We are very grateful to Dr. Zipfel for his thoughtful editorial on our article. Our goal was to investigate the effect of a 24-hour-a-day formal emergency treatment protocol in patients with a ruptured aneurysm on the incidence of recurrent hemorrhage and clinical outcomes. As indicated by Dr. Zipfel, an emergency treatment strategy can increase the periprocedural risks for cases performed at night with the potential of surgeon fatigue, even though it minimizes the risk of in-hospital rebleeding.

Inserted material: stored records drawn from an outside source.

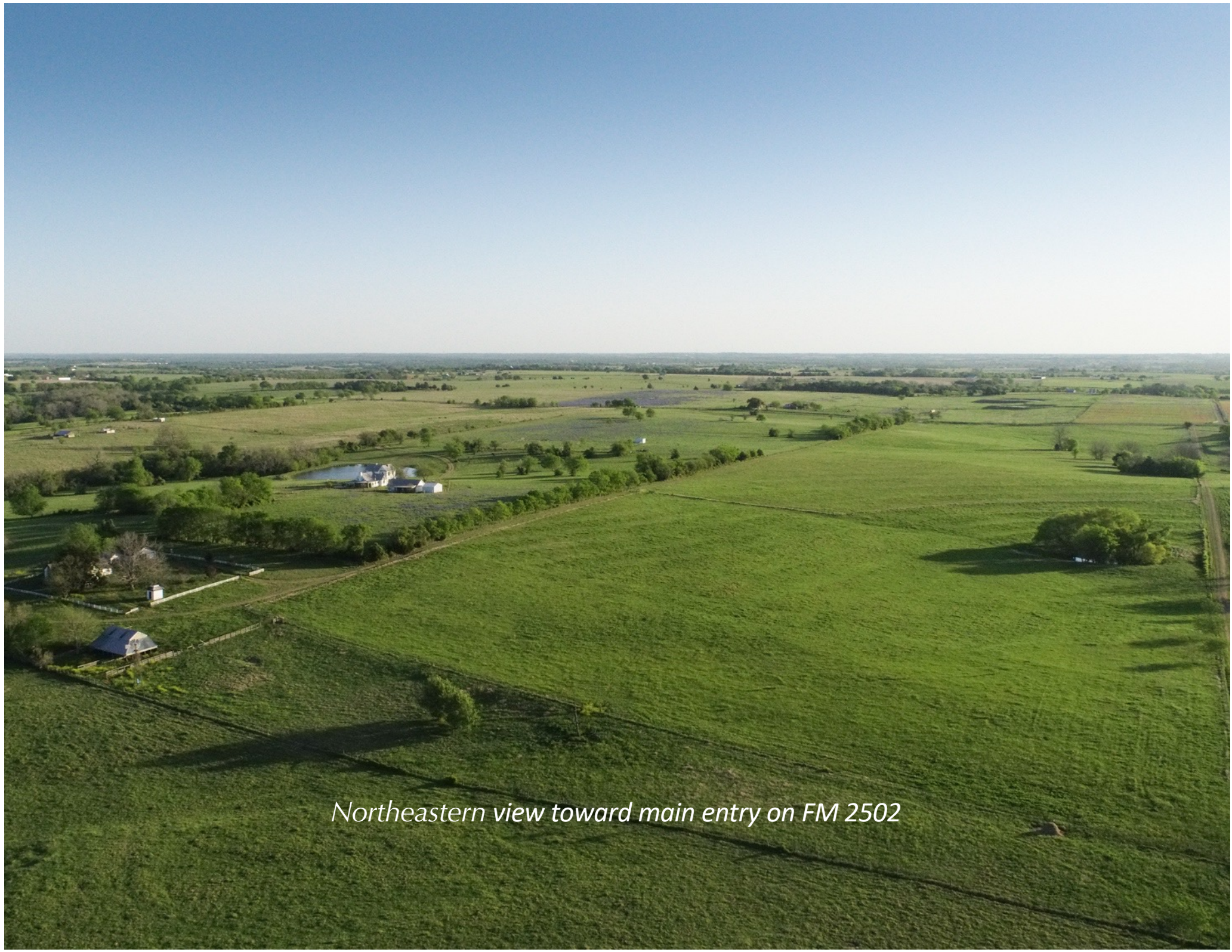
Northeastern view toward main entry on FM 2502
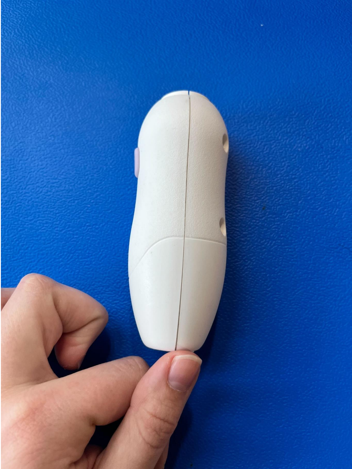
Figure 3: View 3
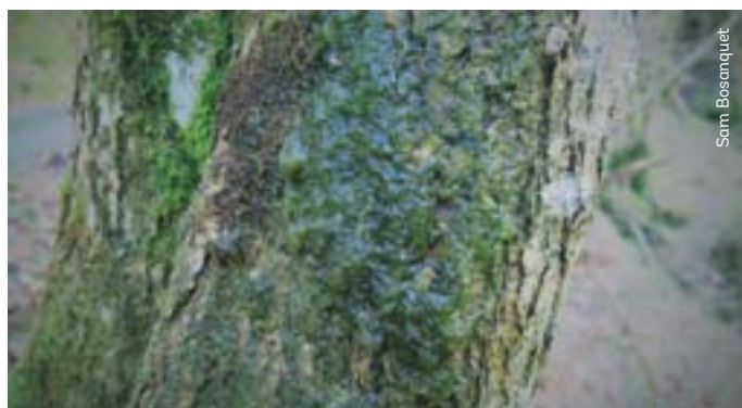
Trees covered with slimy algal 'gloop' due to ammonia pollution at Woodland Trust's Coed Gwernafon in Powys, Mid-Wales.
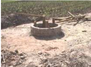
Restored Traditional Well
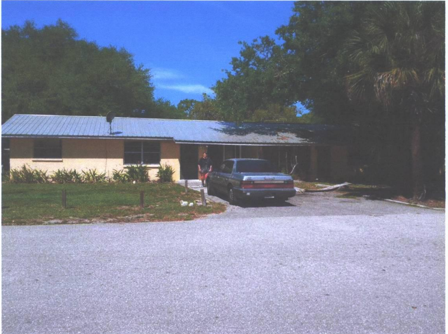
FRONT OF HOUSE 04-05-14

If using the Elevation Certificate to obtain NFIP flood insurance, affix at least 2 building photographs below according to the instructions for Item A6. Identify all photographs with date taken; "Front View" and "Rear View"; and, if required, "Right Side View" and "Left Side View." When applicable, photographs must show the foundation with representative examples of the flood openings or vents, as indicated in Section A8. If submitting more photographs than will fit on this page, use the Continuation Page.
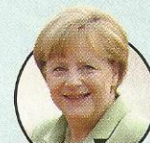
Angela Merkel Germany
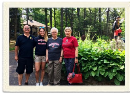
Idyllic Soyuzivka in the Catskill Mountains
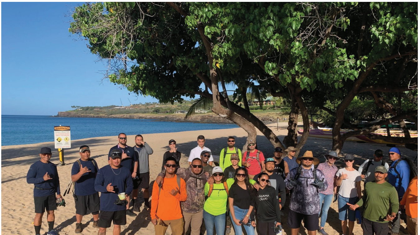
Kapiha'a Interpretive Trail Clean Up 2024

This emergency treatment strategy was initiated with the intention to save even 1 out of 100 patients from recurrent hemorrhage. Thus, the strategy was considered meaningful if we could save 1 patient a year. In this study, the positive effects of the emergency treatment on the incidence of recurrent hemorrhage and clinical outcomes were statistically significant when comparing the emergency treatment with a broadly defined early treatment (< 3 days). However, if the emergency treatment strategy is compared with a strict, early (< 1 day) treatment strategy, the positive effects may or may not reach statistical significance. However, the patients who can be saved from recurrent hemorrhage are still present, as there is no definitive method to prevent recurrent hemorrhage except for surgical and endovascular treatments.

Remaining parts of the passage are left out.